[Source material — start]

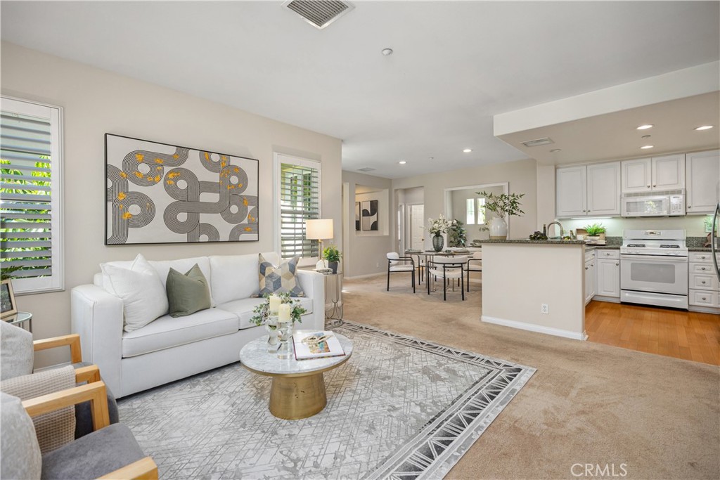 Experience refined living in the highly sought-after community of Quail Hill, where comfort, convenience, and an exceptional lifestyle come together in this beautifully upgraded 2-bedroom, 2-bath residence. Perfectly situated in one of Southern California’s most desirable locations, Quail Hill offers unmatched connectivity—just moments from the 5, 405, and 133 freeways, approximately 7 miles to the beaches of Laguna Beach, and only 8 miles to John Wayne Airport. The community is also part of the nationally acclaimed University High School district and is surrounded by protected open space, offering miles of scenic hiking and biking trails for those who enjoy an active, outdoor lifestyle. Set within a charming, garden-inspired enclave, the home welcomes you with tranquil pathways, lush landscaping, and a peaceful courtyard setting. Inside, light-filled living spaces feature an open-concept design with soaring ceilings, soft neutral tones, and a cozy fireplace—creating an inviting atmosphere for both everyday living and entertaining. The thoughtfully designed kitchen showcases granite countertops, crisp white cabinetry, and generous workspace, seamlessly connecting to the dining and living areas. Upstairs, two spacious bedrooms provide comfort and privacy, including a primary suite with abundant natural light and a well-appointed en-suite bath. Additional highlights include plantation shutters, recessed lighting, and a versatile floorplan suited for modern living. The location of 33 Flowerbud within Quail Hill is equally exceptional—nestled among beautifully tree-lined streets, just one block from award-winning Alderwood Elementary, a half block to Commons Park, the resort-style pool, and fitness center, and only a few blocks to the Quail Hill Shopping Center with dining, coffee, and everyday conveniences. A rare opportunity to enjoy elevated living in one of Irvine’s most ideally located and healthy lifestyle communities.
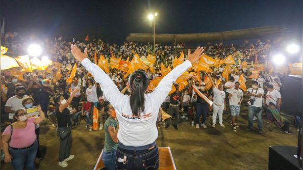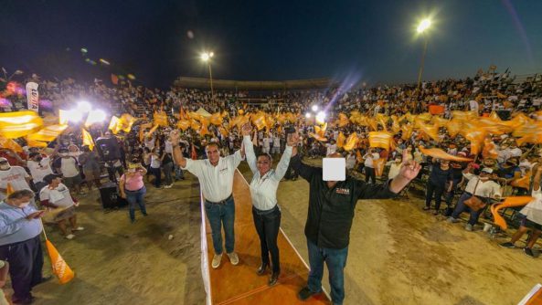 Reunida con cerca de 7 mil personas que se han sumado a la estructura de este proyecto de gobierno, la candidata a la alcaldía por Movimiento Ciudadano, afirmó llena de emoción ante un escenario que vibraba mostrando su respaldo, que la ‘Fuerza Naranja’ es el alma de este gran movimiento por la defensa de Puerto Vallarta, quienes motivan e inspiran ese trabajo diario que desde las calles de esta ciudad, se ha venido realizando para escuchar a la gente, para generar acciones que de verdad atiendan sus necesidades y seguir avanzando en lo que hoy se ha emprendido para transformar las colonias, y que requiere de su continuidad.
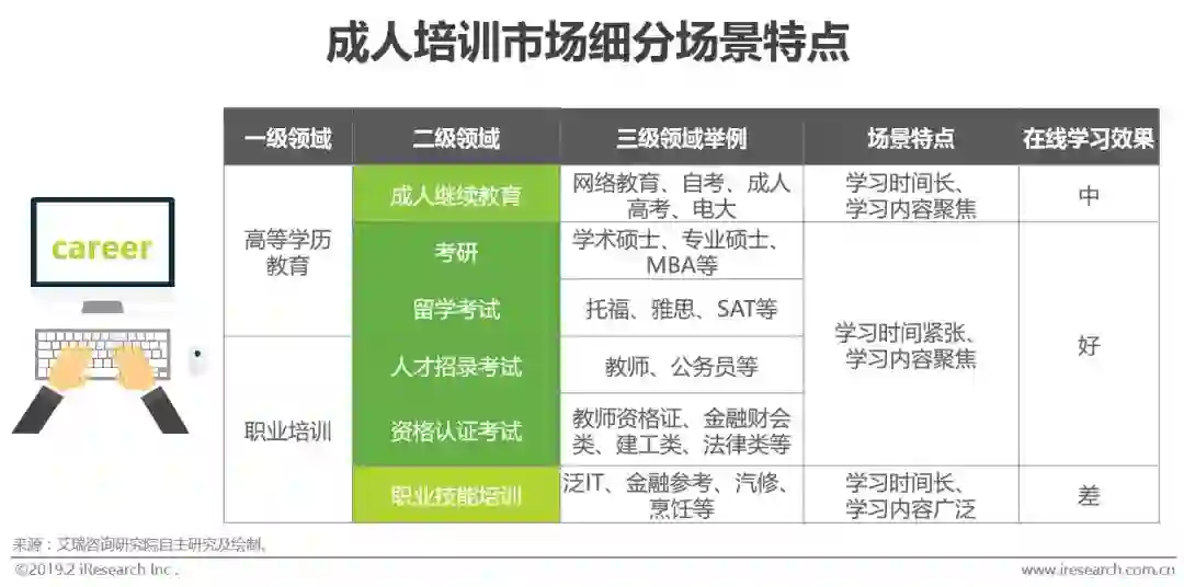 成人市场是在线教育渗透最早的一个领域,主要包括高等学历教育和职业培训(含成人语言培训),这两个领域下又可细分出很多三级领域。其中,考研、留学语言考试等高等学历考试培训,教师、公务员等人才招录考试培训,教师资格证、CPA证等资格认证考试培训,这3个领域的在线学习效果最佳,主要原因是这些场景具有“结束时间明确、学习内容有限“的特点,用户学习时间紧张、学习内容又聚焦于考点,因此学习动力最强、难度最小。而成人培训领域的其他细分领域就因为不具备这些特点,所以在线化过程中存在相对更多的完课率低、学习体验差等问题,这些细分领域的培训机构也需要在用户激励方面投入更多的人力和财力。
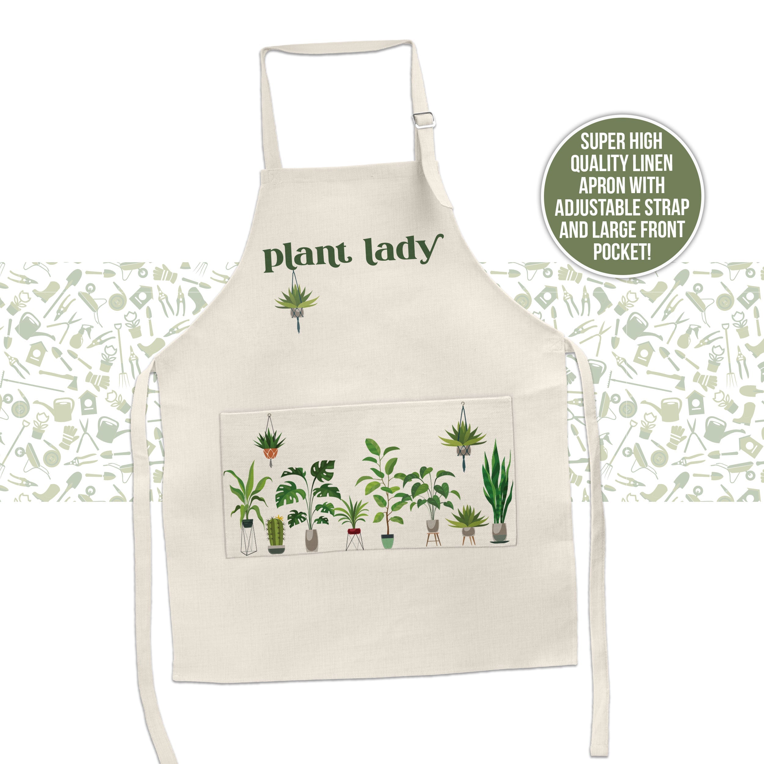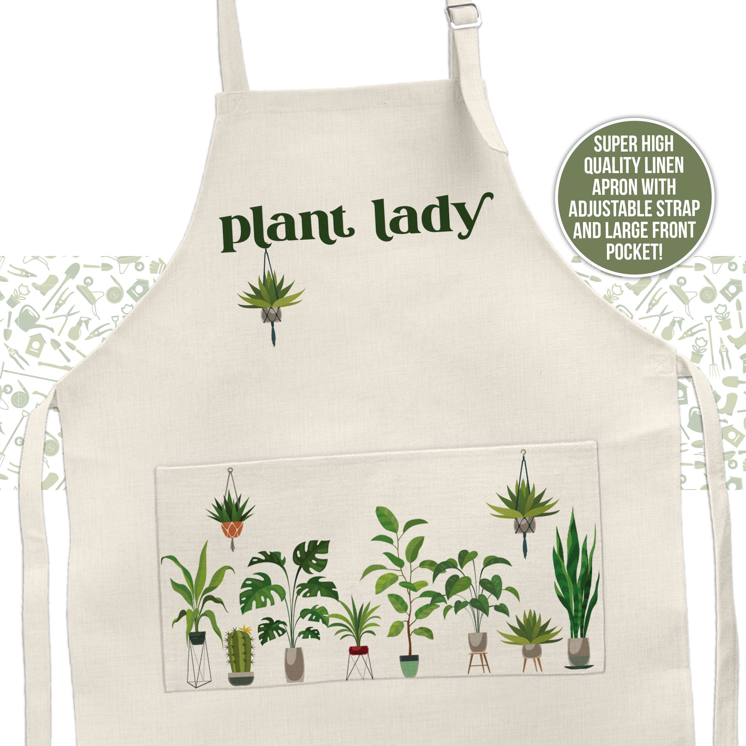 Linen Adult Bib Apron | plant lady apron | funny gift for your favorite gardener | plant lovers double pocket apron

[Source material — finish]

Exercise prompt:
A word-for-word transcription of the listing is needed, minus its images.

Response box:
 Experience refined living in the highly sought-after community of Quail Hill, where comfort, convenience, and an exceptional lifestyle come together in this beautifully upgraded 2-bedroom, 2-bath residence. Perfectly situated in one of Southern California’s most desirable locations, Quail Hill offers unmatched connectivity—just moments from the 5, 405, and 133 freeways, approximately 7 miles to the beaches of Laguna Beach, and only 8 miles to John Wayne Airport. The community is also part of the nationally acclaimed University High School district and is surrounded by protected open space, offering miles of scenic hiking and biking trails for those who enjoy an active, outdoor lifestyle. Set within a charming, garden-inspired enclave, the home welcomes you with tranquil pathways, lush landscaping, and a peaceful courtyard setting. Inside, light-filled living spaces feature an open-concept design with soaring ceilings, soft neutral tones, and a cozy fireplace—creating an inviting atmosphere for both everyday living and entertaining. The thoughtfully designed kitchen showcases granite countertops, crisp white cabinetry, and generous workspace, seamlessly connecting to the dining and living areas. Upstairs, two spacious bedrooms provide comfort and privacy, including a primary suite with abundant natural light and a well-appointed en-suite bath. Additional highlights include plantation shutters, recessed lighting, and a versatile floorplan suited for modern living. The location of 33 Flowerbud within Quail Hill is equally exceptional—nestled among beautifully tree-lined streets, just one block from award-winning Alderwood Elementary, a half block to Commons Park, the resort-style pool, and fitness center, and only a few blocks to the Quail Hill Shopping Center with dining, coffee, and everyday conveniences. A rare opportunity to enjoy elevated living in one of Irvine’s most ideally located and healthy lifestyle communities.
 Reunida con cerca de 7 mil personas que se han sumado a la estructura de este proyecto de gobierno, la candidata a la alcaldía por Movimiento Ciudadano, afirmó llena de emoción ante un escenario que vibraba mostrando su respaldo, que la ‘Fuerza Naranja’ es el alma de este gran movimiento por la defensa de Puerto Vallarta, quienes motivan e inspiran ese trabajo diario que desde las calles de esta ciudad, se ha venido realizando para escuchar a la gente, para generar acciones que de verdad atiendan sus necesidades y seguir avanzando en lo que hoy se ha emprendido para transformar las colonias, y que requiere de su continuidad.
 成人市场是在线教育渗透最早的一个领域,主要包括高等学历教育和职业培训(含成人语言培训),这两个领域下又可细分出很多三级领域。其中,考研、留学语言考试等高等学历考试培训,教师、公务员等人才招录考试培训,教师资格证、CPA证等资格认证考试培训,这3个领域的在线学习效果最佳,主要原因是这些场景具有“结束时间明确、学习内容有限“的特点,用户学习时间紧张、学习内容又聚焦于考点,因此学习动力最强、难度最小。而成人培训领域的其他细分领域就因为不具备这些特点,所以在线化过程中存在相对更多的完课率低、学习体验差等问题,这些细分领域的培训机构也需要在用户激励方面投入更多的人力和财力。
 Linen Adult Bib Apron | plant lady apron | funny gift for your favorite gardener | plant lovers double pocket apron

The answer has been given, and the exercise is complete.